ASSIGNMENT:
Output, exactly as written, the lines below from the one that has "The kinetics of mercury" through the one that has "BW PREMIUM DAY"; nothing else, and no pictures.

GIVEN RECORDS:
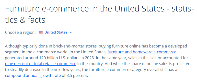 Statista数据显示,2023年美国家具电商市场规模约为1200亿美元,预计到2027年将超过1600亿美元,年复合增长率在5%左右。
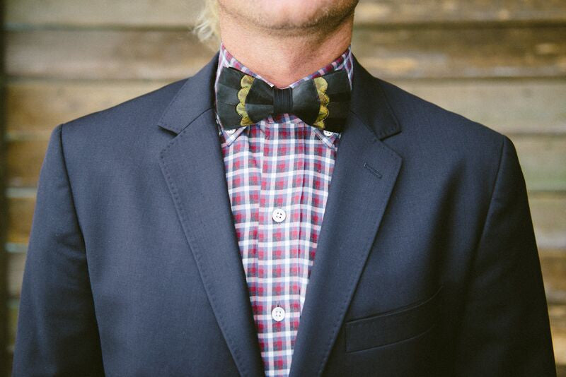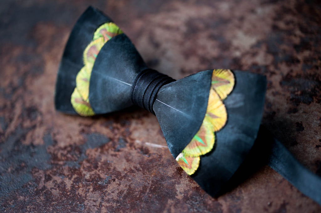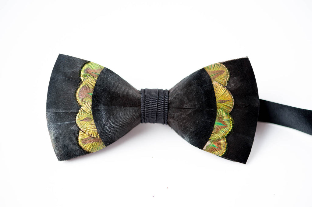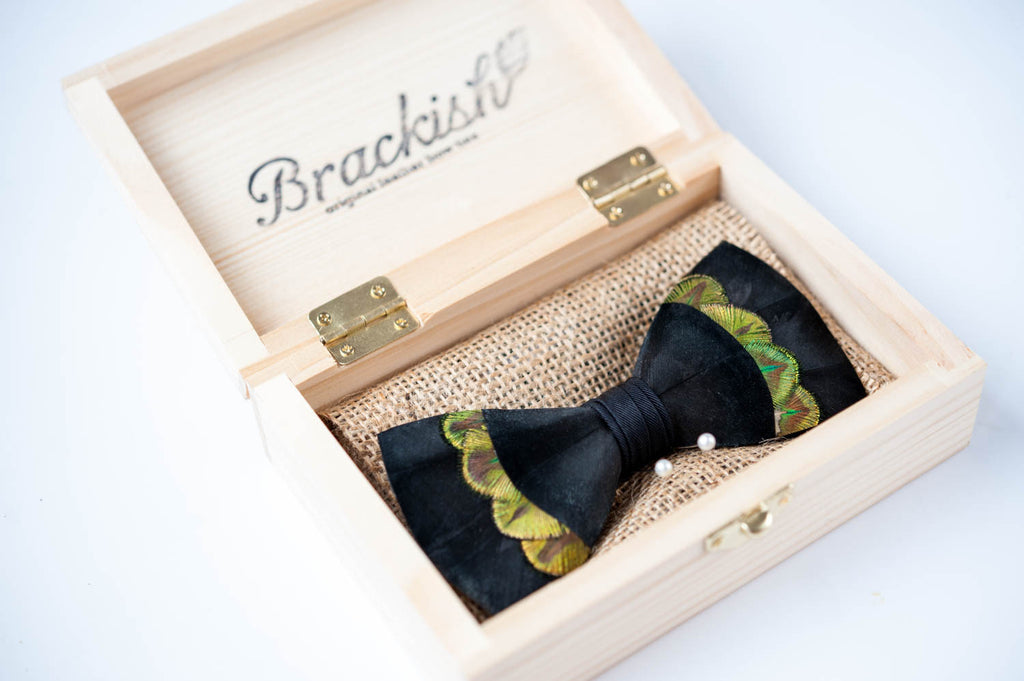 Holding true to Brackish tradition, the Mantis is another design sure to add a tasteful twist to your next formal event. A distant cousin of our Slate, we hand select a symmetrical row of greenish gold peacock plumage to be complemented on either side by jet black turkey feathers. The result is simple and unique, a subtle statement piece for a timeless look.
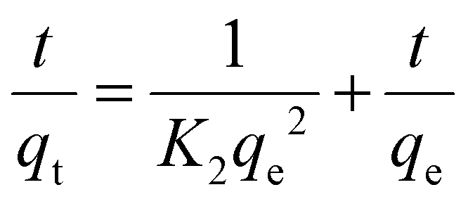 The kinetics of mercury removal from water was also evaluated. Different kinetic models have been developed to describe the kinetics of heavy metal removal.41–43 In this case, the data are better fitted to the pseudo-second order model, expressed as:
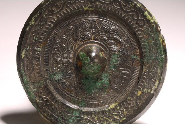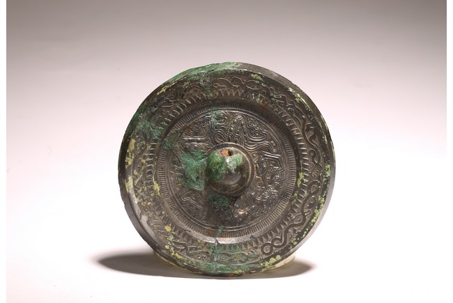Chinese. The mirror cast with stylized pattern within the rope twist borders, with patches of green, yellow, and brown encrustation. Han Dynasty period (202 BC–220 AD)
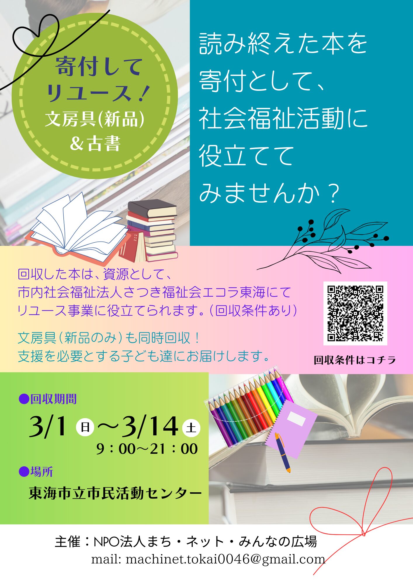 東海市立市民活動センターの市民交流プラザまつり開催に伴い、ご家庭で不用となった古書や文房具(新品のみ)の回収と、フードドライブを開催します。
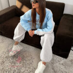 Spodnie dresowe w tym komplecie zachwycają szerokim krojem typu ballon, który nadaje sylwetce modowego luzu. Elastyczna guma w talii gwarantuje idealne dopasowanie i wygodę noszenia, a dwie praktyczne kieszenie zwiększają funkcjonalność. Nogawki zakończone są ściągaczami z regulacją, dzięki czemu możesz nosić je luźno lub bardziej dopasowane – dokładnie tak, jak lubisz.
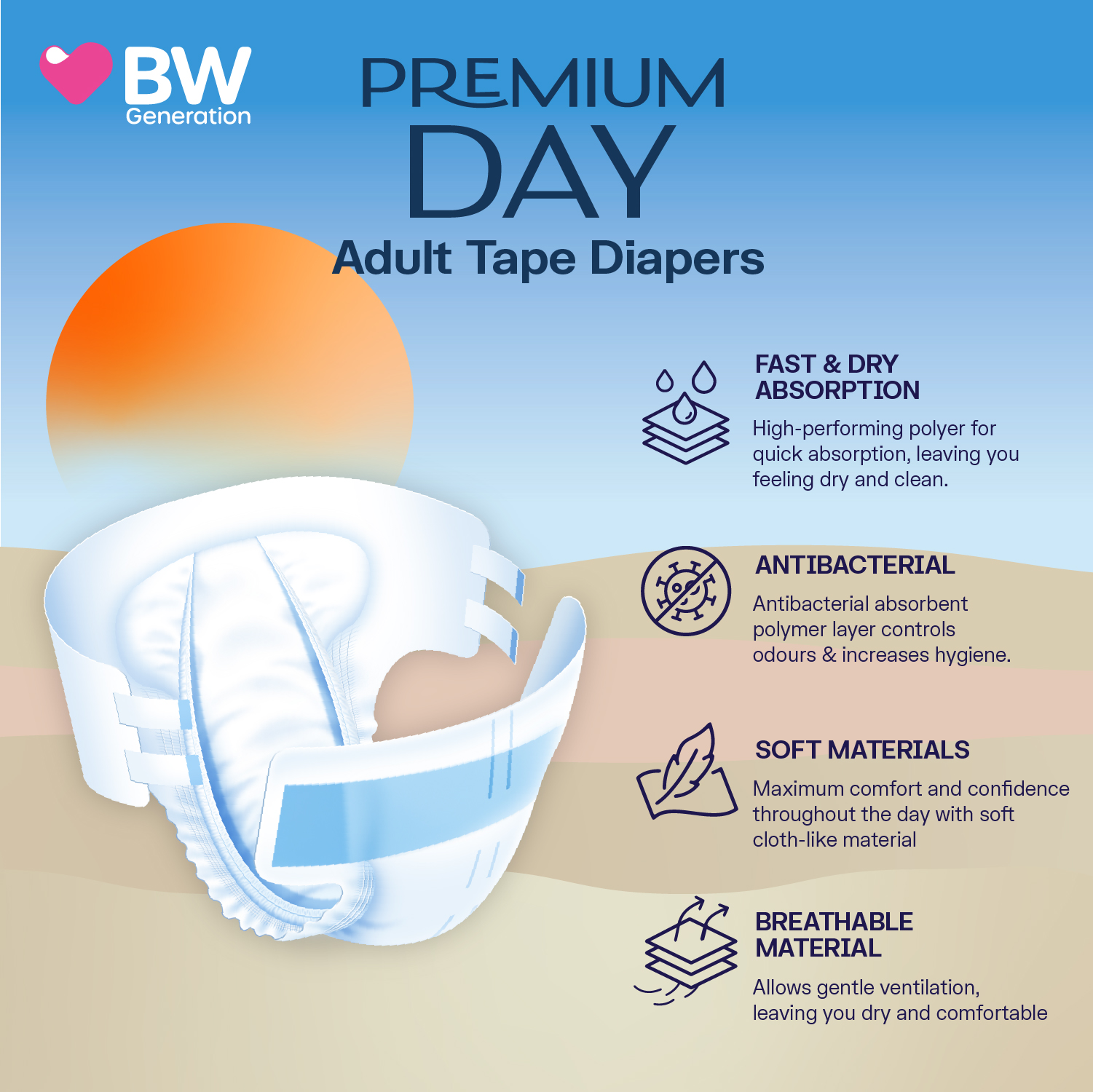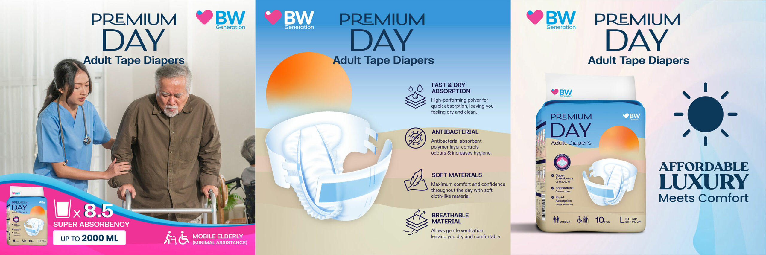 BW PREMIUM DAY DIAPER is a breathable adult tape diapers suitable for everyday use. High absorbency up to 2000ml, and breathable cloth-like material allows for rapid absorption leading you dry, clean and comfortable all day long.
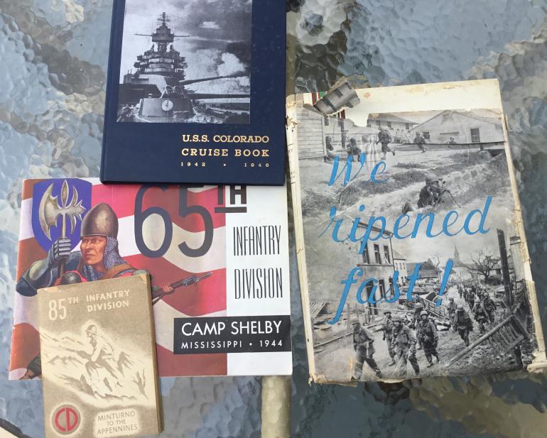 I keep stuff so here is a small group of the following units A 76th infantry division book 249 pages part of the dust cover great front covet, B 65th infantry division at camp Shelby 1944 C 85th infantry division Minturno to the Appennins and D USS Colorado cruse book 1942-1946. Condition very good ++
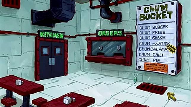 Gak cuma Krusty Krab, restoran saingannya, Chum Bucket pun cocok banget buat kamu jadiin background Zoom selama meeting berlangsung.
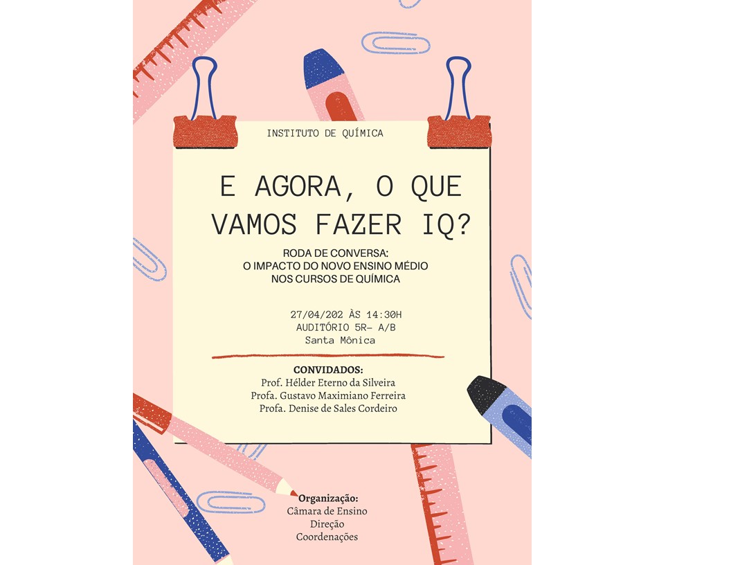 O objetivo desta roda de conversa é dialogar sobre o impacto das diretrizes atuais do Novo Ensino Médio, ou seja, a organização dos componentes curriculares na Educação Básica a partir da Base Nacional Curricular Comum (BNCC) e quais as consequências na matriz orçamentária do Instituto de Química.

FINISHED TASK:
 The kinetics of mercury removal from water was also evaluated. Different kinetic models have been developed to describe the kinetics of heavy metal removal.41–43 In this case, the data are better fitted to the pseudo-second order model, expressed as:
Chinese. The mirror cast with stylized pattern within the rope twist borders, with patches of green, yellow, and brown encrustation. Han Dynasty period (202 BC–220 AD)
 東海市立市民活動センターの市民交流プラザまつり開催に伴い、ご家庭で不用となった古書や文房具(新品のみ)の回収と、フードドライブを開催します。
 Spodnie dresowe w tym komplecie zachwycają szerokim krojem typu ballon, który nadaje sylwetce modowego luzu. Elastyczna guma w talii gwarantuje idealne dopasowanie i wygodę noszenia, a dwie praktyczne kieszenie zwiększają funkcjonalność. Nogawki zakończone są ściągaczami z regulacją, dzięki czemu możesz nosić je luźno lub bardziej dopasowane – dokładnie tak, jak lubisz.
 BW PREMIUM DAY DIAPER is a breathable adult tape diapers suitable for everyday use. High absorbency up to 2000ml, and breathable cloth-like material allows for rapid absorption leading you dry, clean and comfortable all day long.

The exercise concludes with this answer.